There’s an owner on Facebook who’s also itching for a lawsuit. It looks like he’s basically been kicked out of all the Wyndham groups on FB but it appears he’s gone and made his own. Maybe you two can get together.


----------



## rickandcindy23

I don't know why people are disparaging an owner who feels he is being wronged by Wyndham.  We had a lawyer look at our paperwork from 2007 and he saw nothing to preclude us from renting.  They may have added that to later contracts, but early on, when it was Fairfield and not Wyndham, there were no rules against renting.  Those are the contracts we signed, so Wyndham says it's now in their directory that we cannot rent. 

I am not planning a lawsuit, so no one should contact me at all.  I am so done with Wyndham as a means to make a little cash for renting.  I can enjoy timesharing without Wyndham.  I just want to bow out gracefully and maybe keep our Founder's Platinum accounts.  But they aren't willing to work with us, apparently, because no answer to my email requesting for them to take back all of our resale.


----------



## bnoble

The prohibition against "commercial" activity has been in the directory for as long as I can remember, and I bought in late '06. Maybe I'm mis-remembering, though' it wouldn't be the first time. That's not the same as "renting is prohibited." That leaves arguing over what "commercial" means, and I think that's a losing game for anyone who doesn't have a staff of attorneys on retainer.



rickandcindy23 said:


> But they aren't willing to work with us, apparently, because no answer to my email requesting for them to take back all of our resale.
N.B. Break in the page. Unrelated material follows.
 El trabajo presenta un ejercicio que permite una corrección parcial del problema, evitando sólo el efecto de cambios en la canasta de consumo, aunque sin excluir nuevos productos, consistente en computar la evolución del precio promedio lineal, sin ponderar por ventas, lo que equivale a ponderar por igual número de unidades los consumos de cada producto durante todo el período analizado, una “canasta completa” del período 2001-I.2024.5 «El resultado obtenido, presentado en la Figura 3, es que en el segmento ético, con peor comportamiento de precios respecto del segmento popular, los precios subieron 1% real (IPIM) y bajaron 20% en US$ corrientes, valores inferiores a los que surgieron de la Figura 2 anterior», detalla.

Assuming your MF/K ratios are reasonable, you can probably give them away here. There's still plenty of value in "regular" Wyndham ownerships for personal use.


----------



## paxsarah

rickandcindy23 said:


> I don't know why people are disparaging an owner who feels he is being wronged by Wyndham.


I’m sympathetic to owners who feel they’ve been wronged. A lot has changed, and even if Wyndham’s contracts essentially state that they can change the program guidelines at any time, that doesn’t negate the fact that owners had come to rely on the way things had worked for many years.
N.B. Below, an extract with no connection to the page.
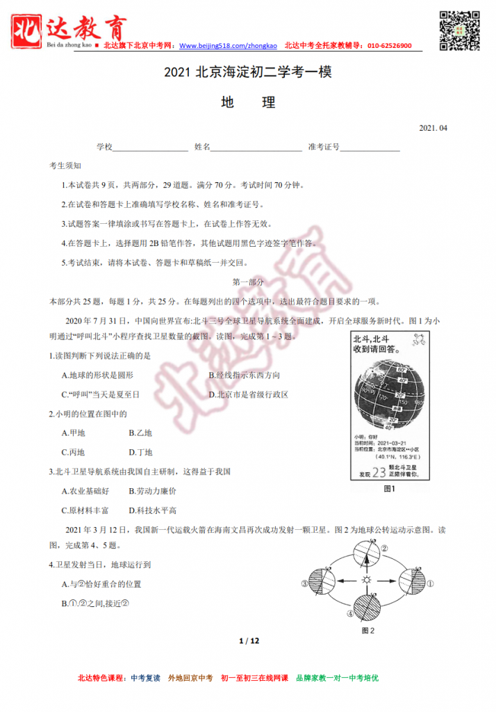 北京海淀2021初二学考一模地理(教师版)。admw360中考复读学校教研组收集整理,分享给大家。

What I’m less sympathetic to is an unrealistic confidence in the ultimate success of a lawsuit or class action. I understand owners taking whatever steps they personally need to realistically make the best of a bad situation. I don’t think it’s realistic to think a momentous lawsuit in which David takes down Goliath will be a part of one’s most advantageous exit.


----------



## dioxide45

paxsarah said:


> I’m sympathetic to owners who feel they’ve been wronged. A lot has changed, and even if Wyndham’s contracts essentially state that they can change the program guidelines at any time, that doesn’t negate the fact that owners had come to rely on the way things had worked for many years.
> 
> What I’m less sympathetic to is an unrealistic confidence in the ultimate success of a lawsuit or class action. I understand owners taking whatever steps they personally need to realistically make the best of a bad situation. I don’t think it’s realistic to think a momentous lawsuit in which David takes down Goliath will be a part of one’s most advantageous exit.
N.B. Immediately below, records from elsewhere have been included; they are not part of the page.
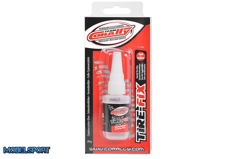 Team Corally Dæklim er en speciel formuleret medium viskositet CA til limning af gummi- og skumgummidæk.
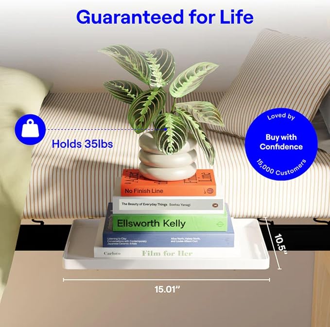 - SLEEK & FUNCTIONAL DESIGN: The BedShelfie Bed Shelf Table combines modern style with everyday practicality, making it a smart addition to any space. Featured in Apartment Therapy, BuzzFeed, and Real Simple, this floating nightstand is ideal for small rooms and tight setups. Its clean, minimalist design fits seamlessly with any décor while offering flexible storage—use it as a nightstand, mini desk, or bookshelf. Perfect for dorms, college students, and anyone looking to maximize function without sacrificing style.
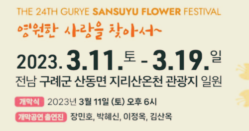 3월 8일부터 산수유 개화는 어느정도 시작이 되었습니다. 코로나로 인해 중단되었던 산수유축제는 4년만에 열리게 되었습니다! 2023년 제24회 구례 산수유축제가 지리산온천관광지 일원에서 열리며, 장소는 전남 구례군 산동면 좌사리 839-6입니다. 본격적으로 구례 산수유축제 일정 및 기간은 3월 11일부터 3월 19일까지입니다.
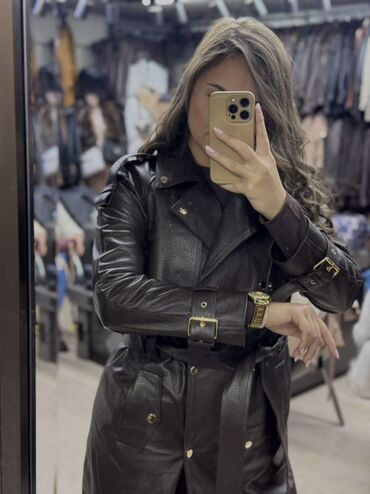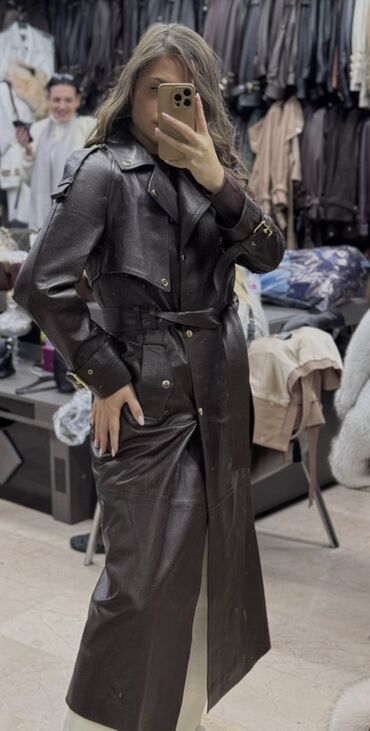 Elegantna i funkcionalna kožna jakna/mantil idealna za jesen i zimu, lako se uklapa uz čizme i klasične kombinacije.

The problem with a class action is the class may not be large enough. Sure the loss in value is there for all owners, but only a small percentage of them rent and a smaller percentage are what could be considered, mega renters. Individuals who feel wronged should perhaps consider going to a lawyer to work out some settlement where Wyndham takes all their weeks and points off their hands for some form of compensation.


----------



## paxsarah

bnoble said:


> The prohibition against "commercial" activity has been in the directory for as long as I can remember, and I bought in late '06. Maybe I'm mis-remembering, though' it wouldn't be the first time. That's not the same as "renting is prohibited." That leaves arguing over what "commercial" means, and I think that's a losing game for anyone who doesn't have a staff of attorneys on retainer.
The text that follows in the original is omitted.